# Work instruction
Output the data in full. Keep every word exact and exclude the pictures.

# Records provided
********

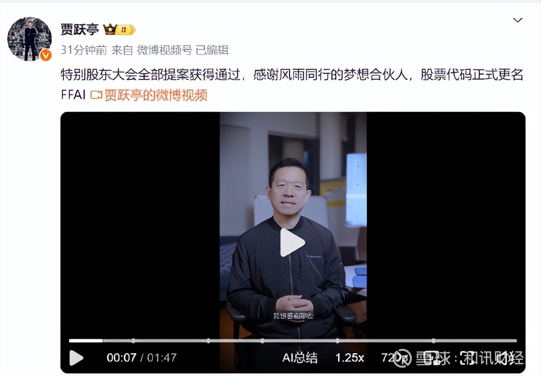 新浪科技讯 3月10日上午消息,法拉第未来创始人贾跃亭在社交媒体发布视频称,特别股东大会在3月7日成功召开,全部提案都获得投票通过,这不仅为FX系列产品的量产交付铺平道路,也让我们肩上的责任更重。
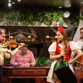 Przeżyj niezapomniany rejs po Dunaju i podziwiaj majestatyczne zabytki Budapesztu z zupełnie nowej perspektywy! Niech Cię oczaruje melodie grane na żywo przez zespół muzyczny, a barwne tańce węgierskich artystów w tradycyjnych strojach przeniosą Cię w sam środek kulturalnego serca Węgier. To widowisko, które zapadnie Ci w pamięć na długo!
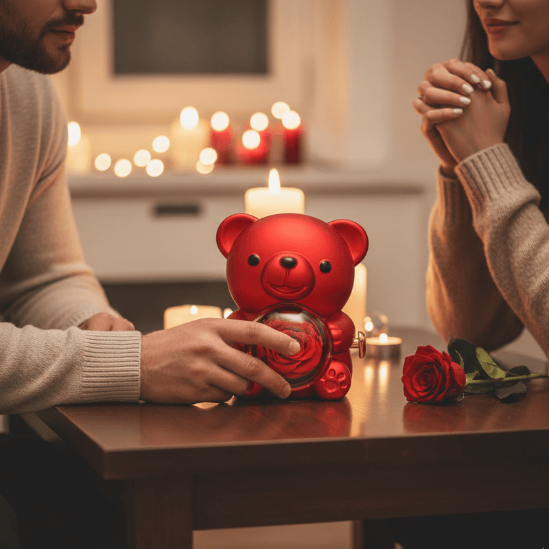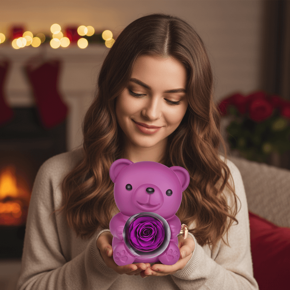 Surprise your loved one with a gift that’s as unique as your love. This Rotating Bear Jewelry Box features a charming bear that gently spins, creating a mesmerizing display every time it moves. Topped with eternal preserved roses, this jewelry box blends elegance, charm, and practicality — a gift that keeps giving.
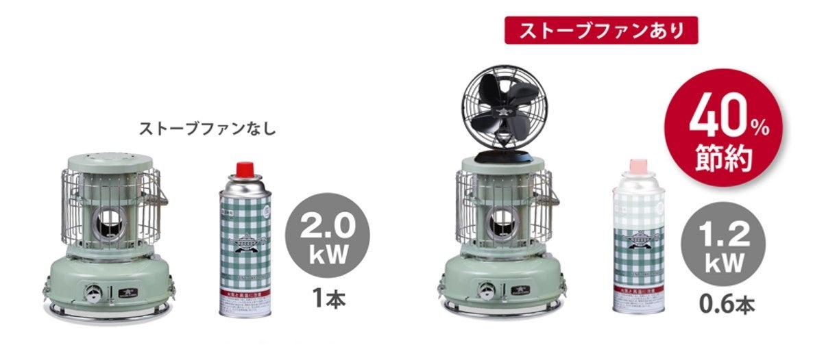 電源いらずで効率的に空間を暖めることで燃料の節約になり経済的。ガスストーブにおいては、ストーブファンがない場合の暖房出力2.0kWに比べて、ストーブファンがあれば暖房出力1.2kWでも同じ体感温度になります。小さい火力で済むので、燃料の節約になります(自社調べ)。さらに、カセットボンベの使⽤本数が減るため、年間3,300円節約可能で、⼿間のかかる廃棄や備蓄の補充回数も少なく済みます。
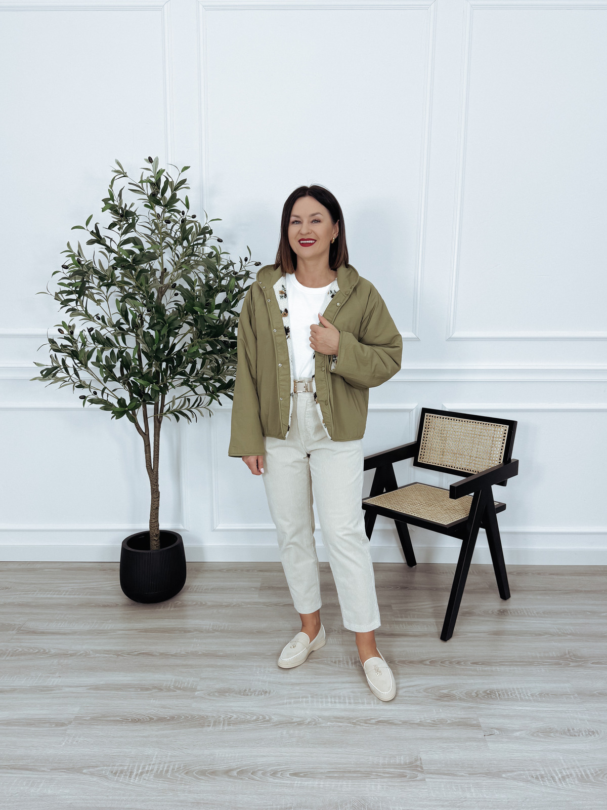 Wyjątkowa dwustronna kurtka która z jednej strony posiada miękki i ciepły polar, a z drugiej dekoracyjny materiał w duże  kwiaty.  Model posiada kieszenie i jest zapinana na napy.🖤
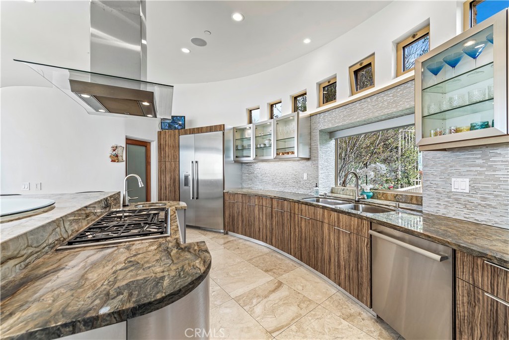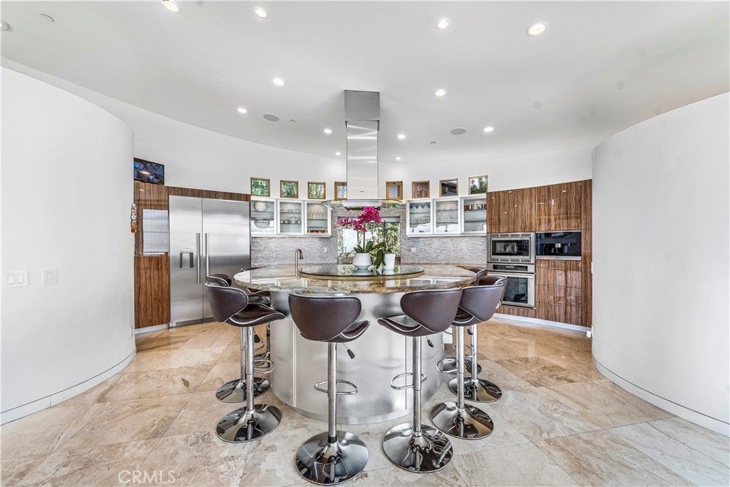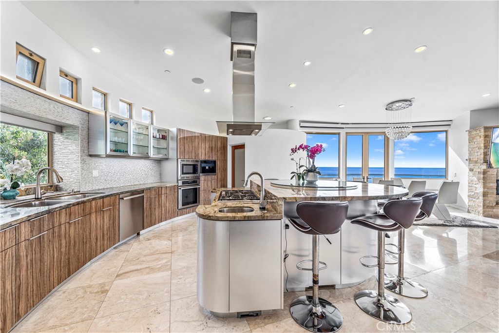 Available now Furnished or Unfurnished~ This luxurious Laguna Beach modern estate, available for lease on negotiable terms, boasts stunning panoramic ocean, city lights, and Catalina Island views from its hillside perch. With a private pool and spa, this property offers all the amenities of a five-star hotel, with the added convenience of a furnished long or short-term lease. The spacious great room provides unobstructed ocean views, a beautiful fireplace, and a family room that opens onto an entertainers deck with built-in heaters, BBQ, fridge, smoker, and seating for 12. The gourmet kitchen includes a pantry, wine cellar, bread warmer, coffee station, and a kitchen island that seats four comfortably.
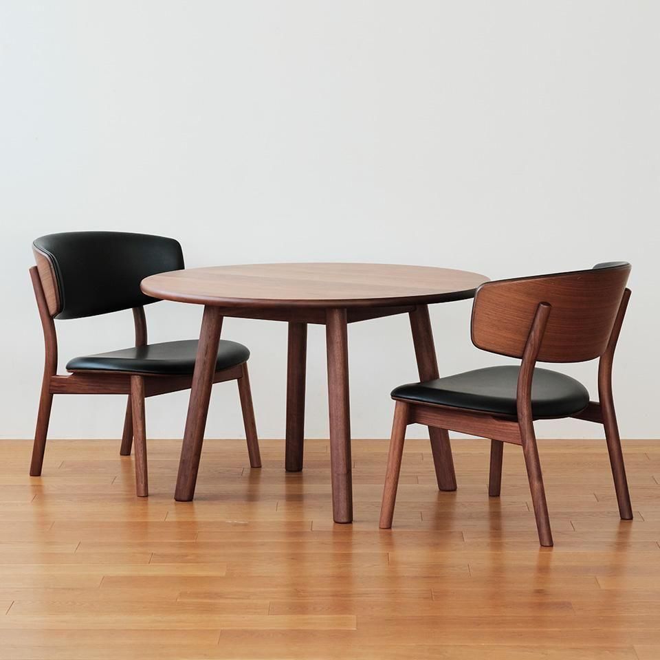 サイズは直径100cm(2人掛け)と、120cm(4人掛け)の2種類。材料は、白木の経年変化が楽しめるオークと、高級感のあるウォールナットから選べます。表面はつや消しのウレタン塗装仕上げ(オイル仕上げをご希望の方は備考欄でお知らせください)。なお、当店で購入された方には店舗独自の3年間品質保証をお付けします。
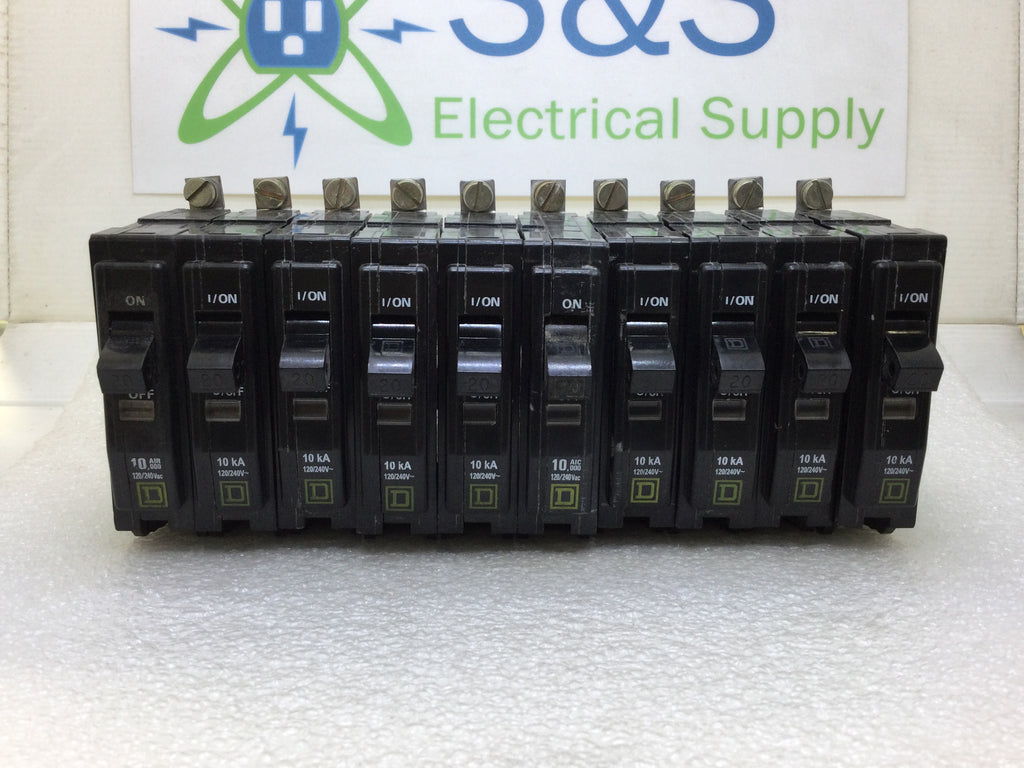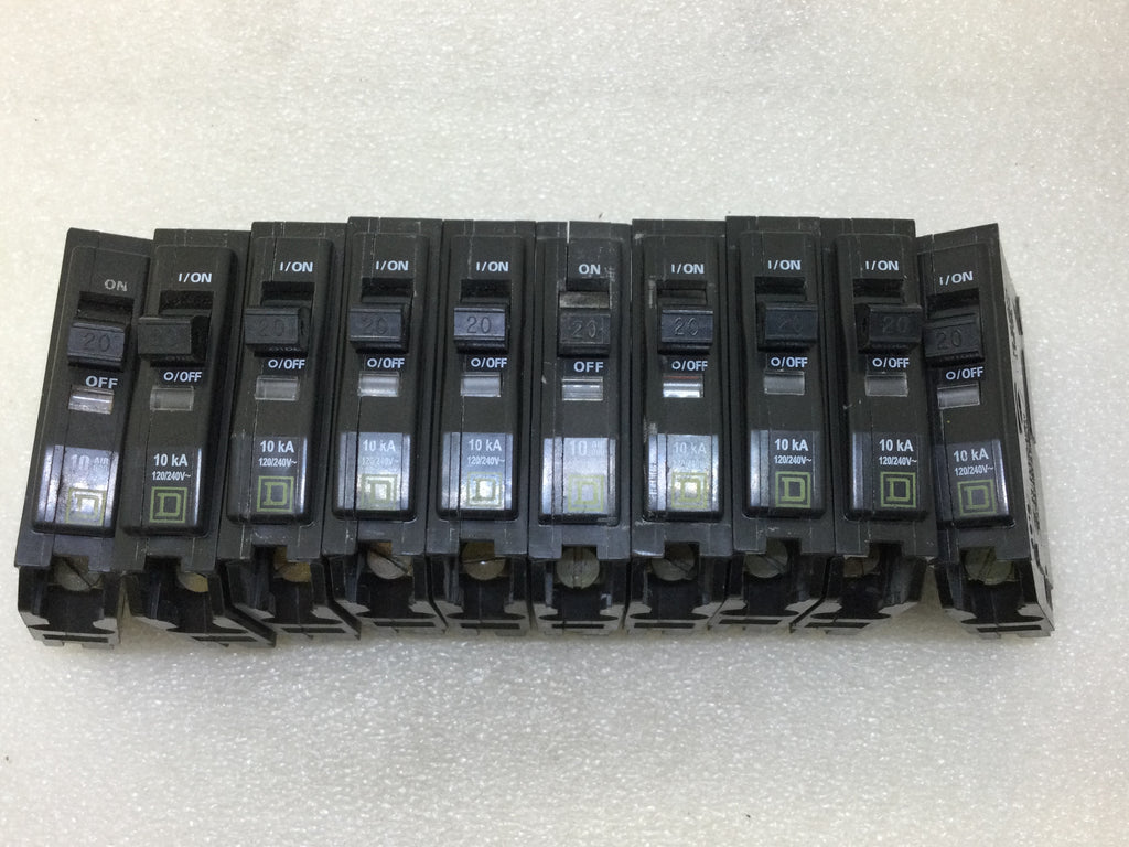 Lot of 10 - Square D QOB120 20 Amp 1 Pole 120/240V Bolt On Circuit Breaker - Yellow Face Black #'s
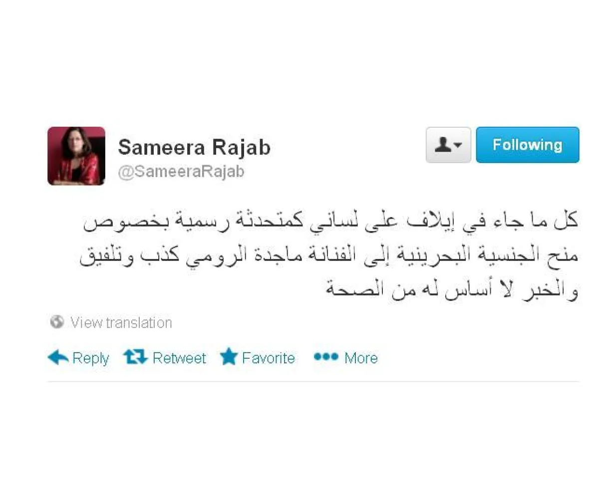 من جهتها، نفت سميرة رجب عبر صفحتها الشخصية على تويتر الخبر وقالت "كل ما جاء في إيلاف ونقلته الأيام البحرينية على لساني كمتحدثة رسمية بخصوص منح الجنسية البحرينية إلى الفنانة ماجدة الرومي كذب وتلفيق والخبر لا أساس له من الصحة".

********

# Solution to this task
 新浪科技讯 3月10日上午消息,法拉第未来创始人贾跃亭在社交媒体发布视频称,特别股东大会在3月7日成功召开,全部提案都获得投票通过,这不仅为FX系列产品的量产交付铺平道路,也让我们肩上的责任更重。
 Przeżyj niezapomniany rejs po Dunaju i podziwiaj majestatyczne zabytki Budapesztu z zupełnie nowej perspektywy! Niech Cię oczaruje melodie grane na żywo przez zespół muzyczny, a barwne tańce węgierskich artystów w tradycyjnych strojach przeniosą Cię w sam środek kulturalnego serca Węgier. To widowisko, które zapadnie Ci w pamięć na długo!
 Surprise your loved one with a gift that’s as unique as your love. This Rotating Bear Jewelry Box features a charming bear that gently spins, creating a mesmerizing display every time it moves. Topped with eternal preserved roses, this jewelry box blends elegance, charm, and practicality — a gift that keeps giving.
 電源いらずで効率的に空間を暖めることで燃料の節約になり経済的。ガスストーブにおいては、ストーブファンがない場合の暖房出力2.0kWに比べて、ストーブファンがあれば暖房出力1.2kWでも同じ体感温度になります。小さい火力で済むので、燃料の節約になります(自社調べ)。さらに、カセットボンベの使⽤本数が減るため、年間3,300円節約可能で、⼿間のかかる廃棄や備蓄の補充回数も少なく済みます。
 Wyjątkowa dwustronna kurtka która z jednej strony posiada miękki i ciepły polar, a z drugiej dekoracyjny materiał w duże  kwiaty.  Model posiada kieszenie i jest zapinana na napy.🖤
 Available now Furnished or Unfurnished~ This luxurious Laguna Beach modern estate, available for lease on negotiable terms, boasts stunning panoramic ocean, city lights, and Catalina Island views from its hillside perch. With a private pool and spa, this property offers all the amenities of a five-star hotel, with the added convenience of a furnished long or short-term lease. The spacious great room provides unobstructed ocean views, a beautiful fireplace, and a family room that opens onto an entertainers deck with built-in heaters, BBQ, fridge, smoker, and seating for 12. The gourmet kitchen includes a pantry, wine cellar, bread warmer, coffee station, and a kitchen island that seats four comfortably.
 サイズは直径100cm(2人掛け)と、120cm(4人掛け)の2種類。材料は、白木の経年変化が楽しめるオークと、高級感のあるウォールナットから選べます。表面はつや消しのウレタン塗装仕上げ(オイル仕上げをご希望の方は備考欄でお知らせください)。なお、当店で購入された方には店舗独自の3年間品質保証をお付けします。
 Lot of 10 - Square D QOB120 20 Amp 1 Pole 120/240V Bolt On Circuit Breaker - Yellow Face Black #'s
 من جهتها، نفت سميرة رجب عبر صفحتها الشخصية على تويتر الخبر وقالت "كل ما جاء في إيلاف ونقلته الأيام البحرينية على لساني كمتحدثة رسمية بخصوص منح الجنسية البحرينية إلى الفنانة ماجدة الرومي كذب وتلفيق والخبر لا أساس له من الصحة".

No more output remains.